Hi! I am just starting out in fish keeping an am learning so much by reading books from the library and forums.

I was given a betta in a glass cube. I immediately upgraded him to a 1 gallon tank. I do 100% daily water changes and he seems quite happy. He came to me very sad and faded looking. He had little pin holes on his fins that have all healed up, his color is vibrant and he seem just active and happy.

I just got him a 20 gallon Long tank so that he can have more room to swim and I can keep the water conditions stable without so many water changes. I am currently on day 4 of a fishless cycle. I was just wondering if I can keep 8 axelrod rasboras with him. I really wanted to keep neon tetras but am so afraid of fin nipping. Any suggestions?

I want La La (Betta) to have plenty of room, but would also like to bring life to the tank with some schooling fish.

I have a 20 gallon Long tank
heater
power filter meant for 10 - 30 gallons
oh and a master fresh water test kit.


----------



## BlueHaven (Jul 17, 2010)

I don't think you can, but someone else may be able to help you more. Since you have a huge tank, you can try putting snails or ghost shrimp in with him. Those are the ones I know should be okay with him in that size. Though snails produce a lot of waste. As long as it's kept clean, it would be fine!I know there are some schooling fish that people keep in large tanks with a betta, but I don't know enough on that to give you a fact answer.


----------



## karlhague (Aug 9, 2010)

BlueHaven said:


> I don't think you can, but someone else may be able to help you more. Since you have a huge tank, you can try putting snails or ghost shrimp in with him. Those are the ones I know should be okay with him in that size. Though snails produce a lot of waste. As long as it's kept clean, it would be fine!I know there are some schooling fish that people keep in large tanks with a betta, but I don't know enough on that to give you a fact answer.

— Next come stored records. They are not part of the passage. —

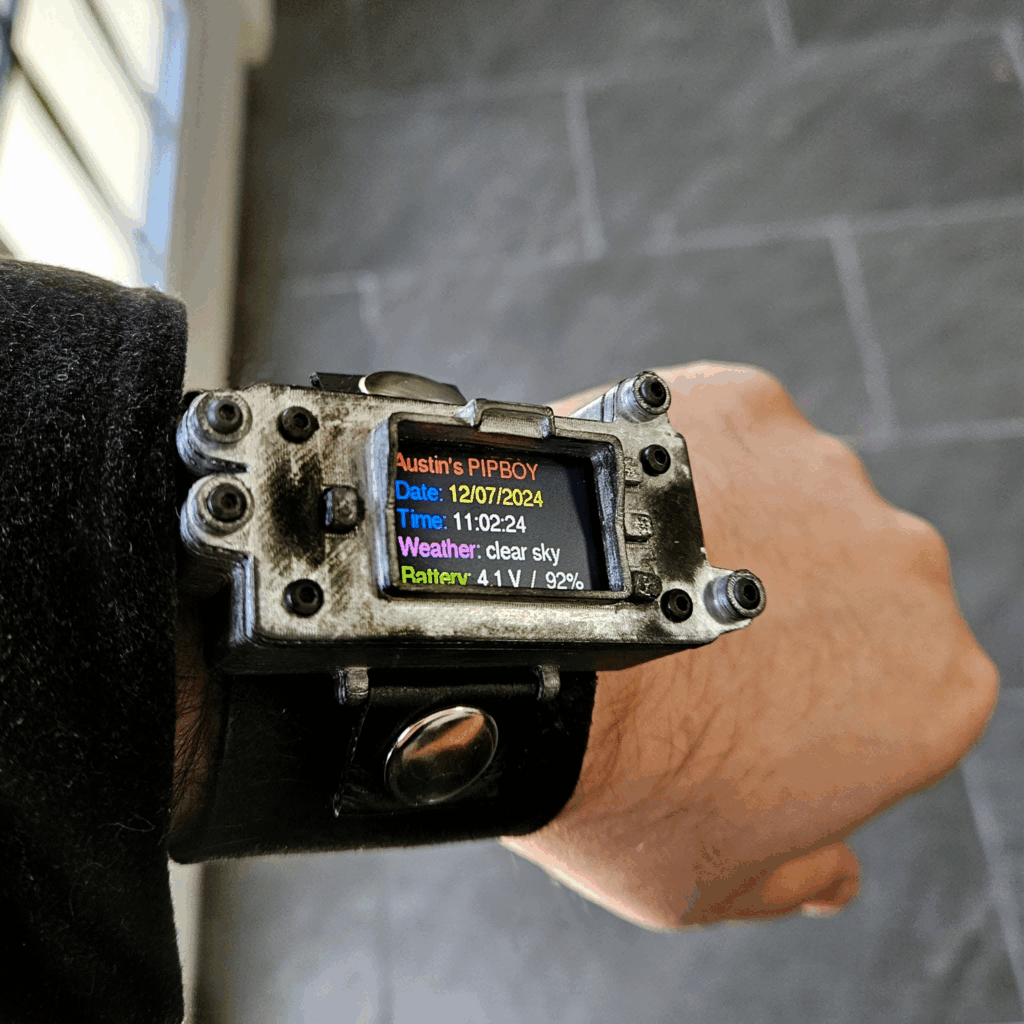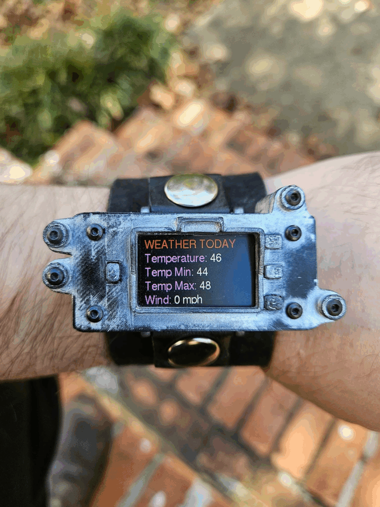 The way the watch works, is that on reset it gets the time and date from online NTP servers while connected to my home wifi. Then the ESP32-S2’s internal clock handles keeping track of time until the time is updated via NTP servers again. This seems to work well. (Traditionally, you would use a Real Time Clock or GPS module to keep accurate time, but that would have made the watch bulkier.) Likewise, I use OpenWeatherMap’s API to get weather data to the watch daily. I plan to add additional functionally in the future, but for now I’m happy with my Pipboy Mini.
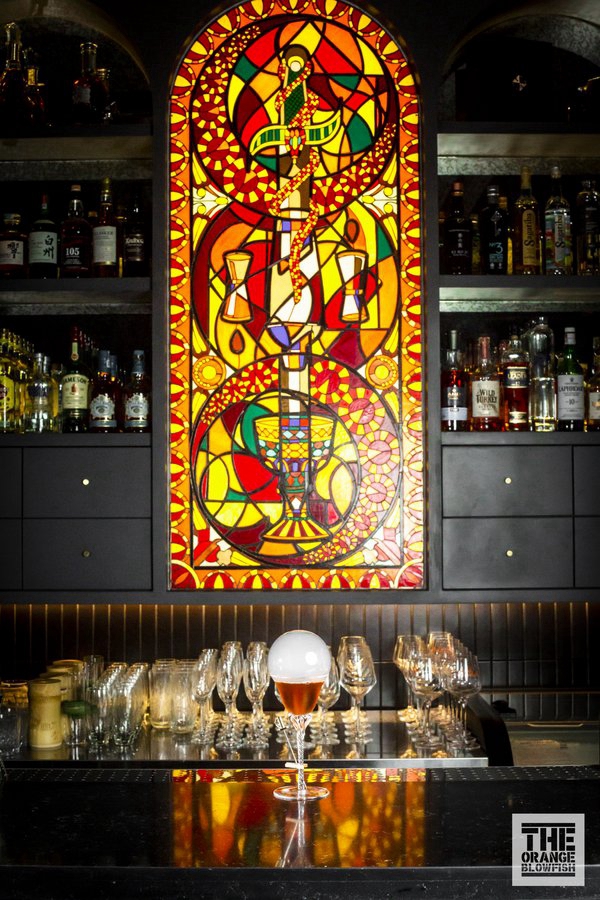 TBD专属饮酒仪式中的“四大元素”:酒杯、摇酒器、匕首、蛇被解构重组嵌入了彩绘玻璃。
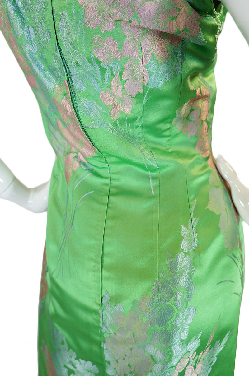 I love the classic cut of this suit with it's box jacket and slim pencil skirted dress. And I could go on for days about the fabric! It is rich and luxe and amazing! Really one of the best example of silk and textiles of this period I have seen! The dress is a slim cut simple shift that is cut to skim over your curves. It is refined and graceful and the color is perfection. I love the coppery pink thread mixed with silvers that is woven into the soft green silk back drop. The colors pop off each other and it just adds to the rich feel of the set. The jacket is classic box cut but with wonderful details like that wide band at the bottom back and the fabric covered buttons. It is simplicity mixed with a masterful seaming and cutting and extraordinary fabric. This is from the Custom line to the equivalent of a a made to order one step under couture piece! Excellent condition and a true beauty
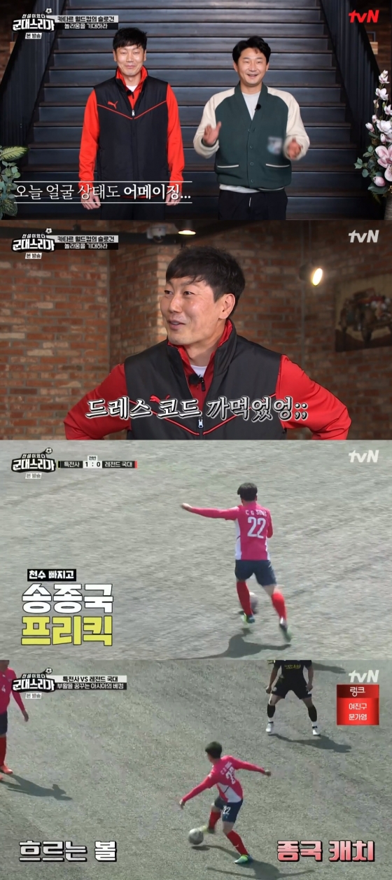 한편 '레전드 국대'는 특전사 팀에게 선취점을 내주며 1:0으로 뒤처지고 있는 상황. 과연 다음 방송에서 송종국이 선수들에게 첫 골의 영광을 안겨줄 수 있을지 시청자들의 기대가 모아지고 있다.
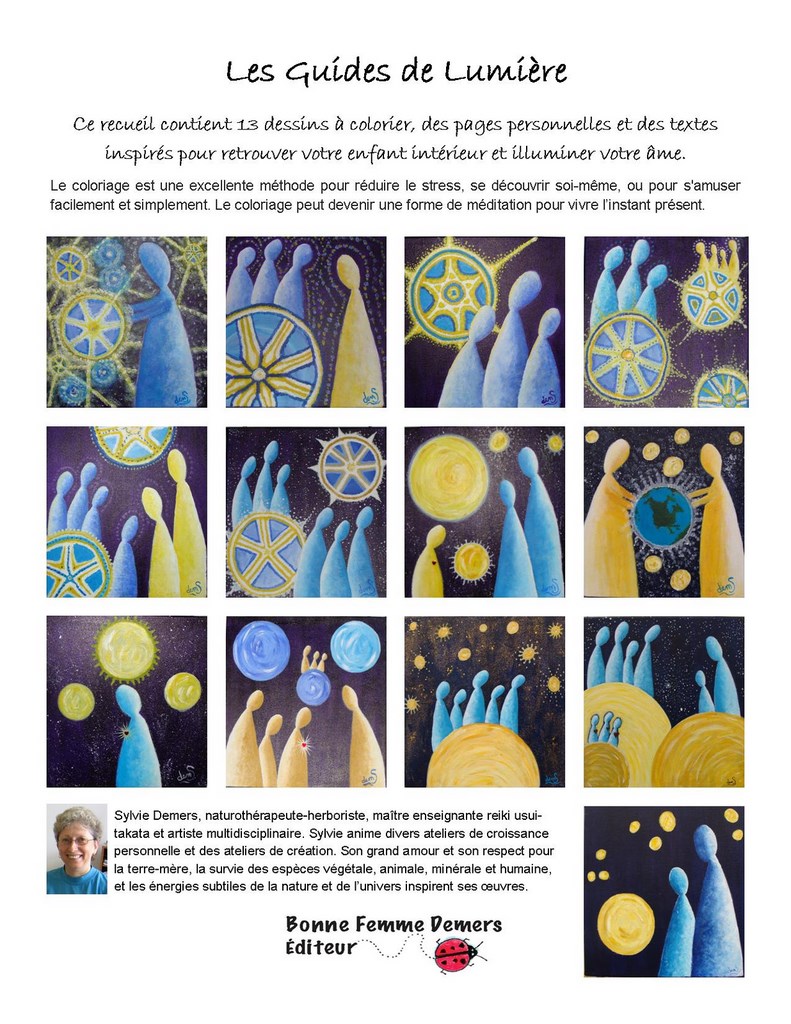 Croquis originaux qui ont servi à la réalisation des œuvres signées Sylvie Demers (demS), que vous retrouvez en couleur sur le dos de couverture. Des images inspirées par mes Guides Spirituels de Lumière lors de méditations sur des aspects de la vie ou des événements. Ces petits dessins inspirés sont, pour eux, une façon de m’aider à opérer des guérisons personnelles. J’espère qu’il en sera de même pour vous pendant vos sessions de coloriage.

if hes not Aggressive try putting him with some Corydoras


----------



## pisces74 (Aug 24, 2010)

Thank you for the replies. I will keep reading. I am so confused cuz with bettas there is so much conflicting information.


----------



## JB5 (May 22, 2010)

I would put about 6 julii cory's in with him. I get a kick out of watching them. We have Rosy zebra danio's that do well too. Shrimp are alwasy fun to watch. With a 20 gal you could be several fish in with him, just make sure there are caves and plants to hide out in. Not to sure of the rasbora's. But loaches, tetras, platy's, swordtails, clouds are all ok. Rainbows might be ok as since they are pretty non aggressive.


----------



## pisces74 (Aug 24, 2010)

Thank you JB5. I am new to fish keeping. The betta is my very first fish. I learned about cycling tanks, after I brought him home. He was given to me and I was not prepared. =[ When I bought the tank, I still knew nothing of the nitrogen cycle, the guy at petsmart saw me looking at some little tetras and suggested I get another betta cuz they were very hardy. I am thinking now, he could see that I knew nothing and would just plop them in a tank full of unconditioned tap water. Well I didn't buy any tankmates then and I am so happy that I didn't. What a horrible way to start.

I will research the fish you have suggested making sure tank conditions and set up will be suited for betta and if any future tankmates. He sure seem to be enjoying all that space!


----------



## kaythenewbie (Aug 23, 2010)

I'm cycling a 20 g. now for a male betta, African Dwarf Frogs, Glowlight Tetra, and Harlequin Rasboras. So hopefully it works. But it might not. Have a backup plan just in case.


----------